I can write the result as below:
\[\Im \left( \int\limits_{0}^{+\infty} e ^{ix ^{2}} dx\right)\]
then I use this substitution:
\[ix ^{2}=y\]
and observing that \[\sqrt{i}=\frac{ 1 }{ \sqrt{2} }(1\pm i)\]
I got this:\[-\frac{ 1 }{ 2 \sqrt{i} }\Gamma \left( \frac{ 1 }{ 2 } \right)\]
so the final result is:
\[\pm \frac{ \sqrt{\pi} }{ 2\sqrt{2} }\]

Answer 3

where:\[\Im \]
stands for imaginary part of a complex number

Answer 4

oops...I used:
\[ix ^{2}=-y\]

Answer 5

Well done, I had a similar method, but I keep tripping up with the complex computation:
\[\begin{align*}
\int_{-\infty}^\infty e^{-x^2}\,dx&=\int_{-\infty}^\infty e^{(ix)^2}\,dx\\\\
\sqrt\pi&=\int_{-\infty}^\infty\bigg(\cos (ix)^2+i\sin(ix)^2\bigg)\,dx\\\\
&=\int_{-\infty}^\infty\cos(x^2)\,dx-\underbrace{\mathrm{Im}\left[\int_{-\infty}^\infty e^{-ix^2}\,dx\right]}\end{align*}\]
The bracketed part is the part that's particularly bothersome.
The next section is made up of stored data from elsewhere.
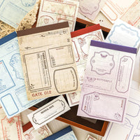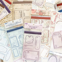 Each sheet includes intricate labels, borders, and motifs with a nostalgic, antique style. The designs showcase soft, muted colors such as beige, lavender, blue, and tan brown, with delicate detailing like butterflies, florals, and retro ticket stubs.
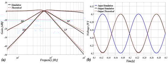 Furthermore, Figure 16 compares the simulation and theoretical results for the filtering and transient responses. The theoretical center frequency for the band-pass filter at the capacitance values 20 pF is 661 Hz, while its simulation center frequency is 635 Hz.
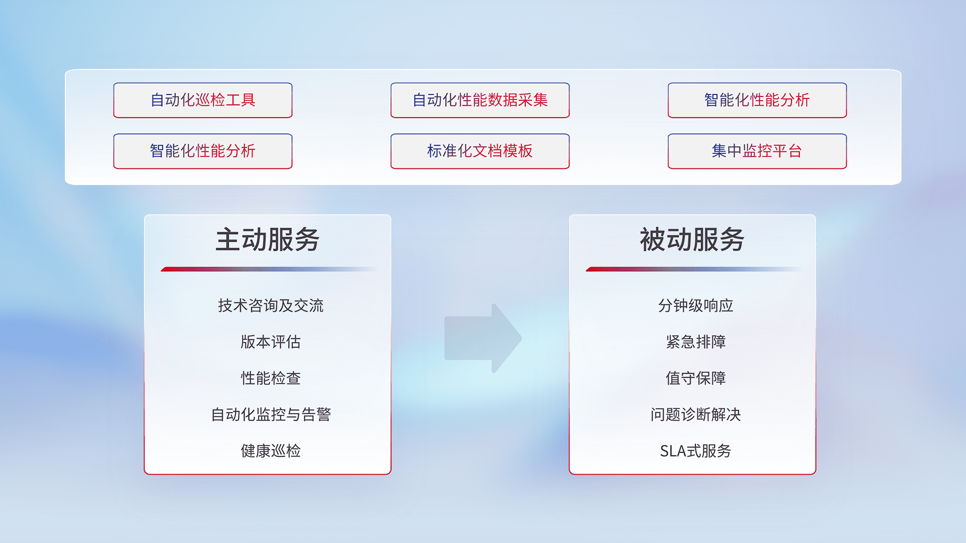 智能化工具和标准化文档,,,,保障服务质量,,,提供主动服务(包含技术咨询、、版本评估、、、、性能检查、、、、自动化监控与告警、、、健康巡检)和被动服务包含(分钟级响应、、、、紧急排障、、值守保障、、、问题诊断解决、、SLA服务)。。。
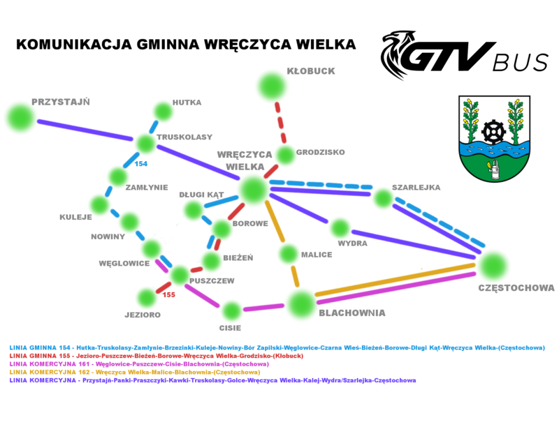 Od dnia 17 sierpnia 2020 roku (poniedziałek) rusza gminna komunikacja autobusowa gminy Wręczyca Wielka, połączona z komunikacją komercyjną poza teren gminy w kierunku ośrodków miejskich: Częstochowa, Kłobuck
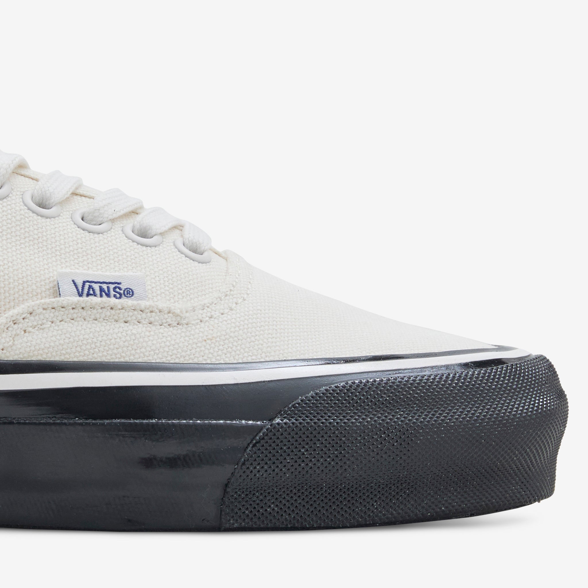 Men's Authentic 44 in Duck Canvas White and Black from Vans. Heritage silhouette with a low-profile duck canvas upper and full-grain leather collar lining. Sola Foam All-Day-Comfort insole provides daily cushioning while the rubber marshmallow sole offers durable traction. Finished with a signature branded red heel scab.
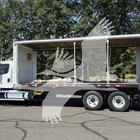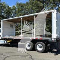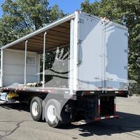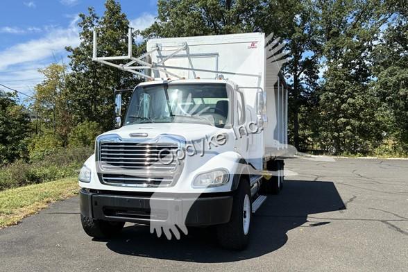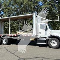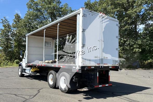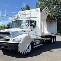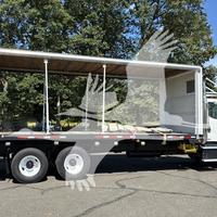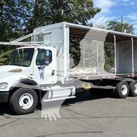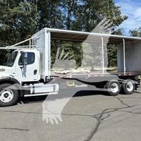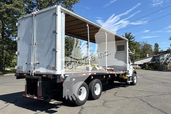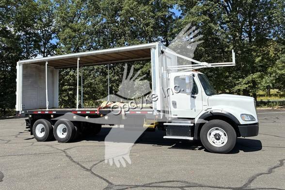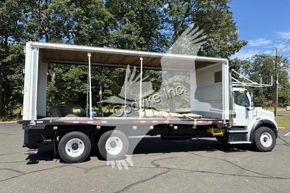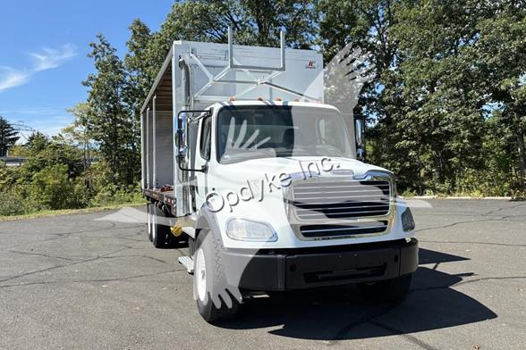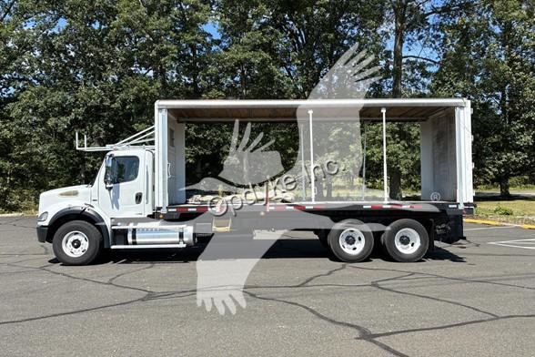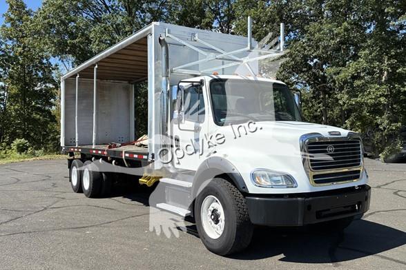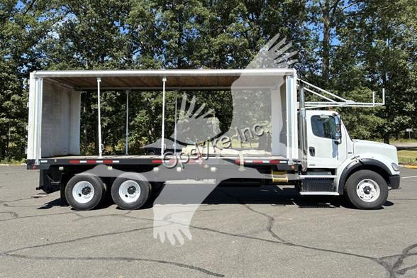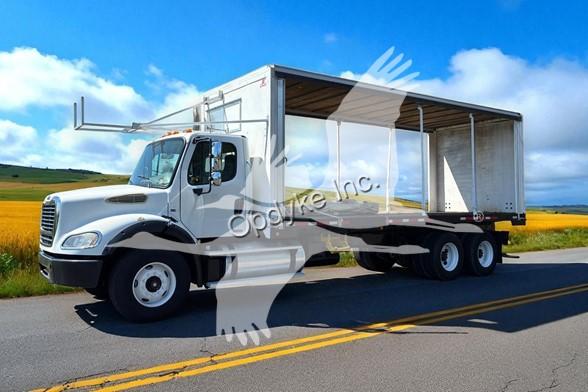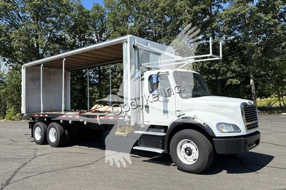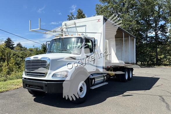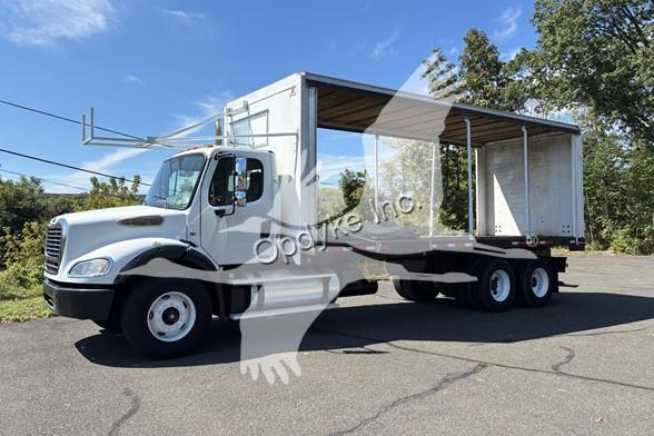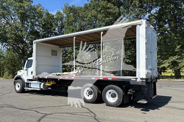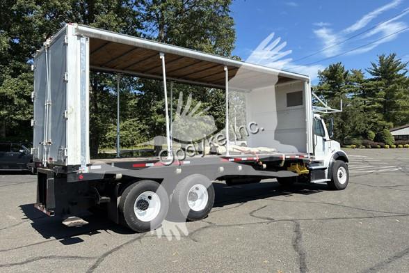2011 FREIGHTLINER M2-112, DETROIT DD13 6 CYL DIESEL, FULLER 10 SP MANUAL TRANSMISSION, TANDEM AXLE, AIR RIDE SUSPENSION, POWER STEERING, AIR BRAKES; AIR CONDITIONING; TIRES: 385/65R22.5 FRONT, 11R22.5 REAR; 58,740 GVW (18,740 LB FRONT, 40K REAR). 24' VAN BODY W/ CURTAIN SIDES, WOOD FLOOR.
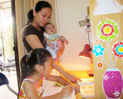 Chị Huyền hướng dẫn con học bài.

At any rate, once I figure this out I'd divide by 2 and the result follows.

Answer 6

I get that the bracketed part amounts to \(-\dfrac{\sqrt{\pi}}{\sqrt2}\), so I suppose there's a mistake in my reasoning somewhere along the line...

Answer 7

It's probably due to
\[\large\int_\mathbb{R}e^{-ax^2}\,dx=\sqrt{\frac{\pi}{a}}\quad\text{for Re}(a)>0\]
and not for complex \(a\).

Answer 8

you are right! @SithsAndGiggles

Answer 9

*not for \(\text{Re}(a)\le0\), I mean

Answer 10

I think so!

Answer 11

very nice question :) @SithsAndGiggles

Answer 12

Thanks! I originally considered approaching the integral via differentiation under the integral sign but I couldn't set up the proper parameterization.

Answer 13

Here's an interesting approach: http://math.stackexchange.com/questions/187729/evaluating-int-0-infty-sin-x2-dx-with-real-methods/190293#190293

Answer 14

I understand

Answer 15

I see

Answer 16

thanks! for your website @SithsAndGiggles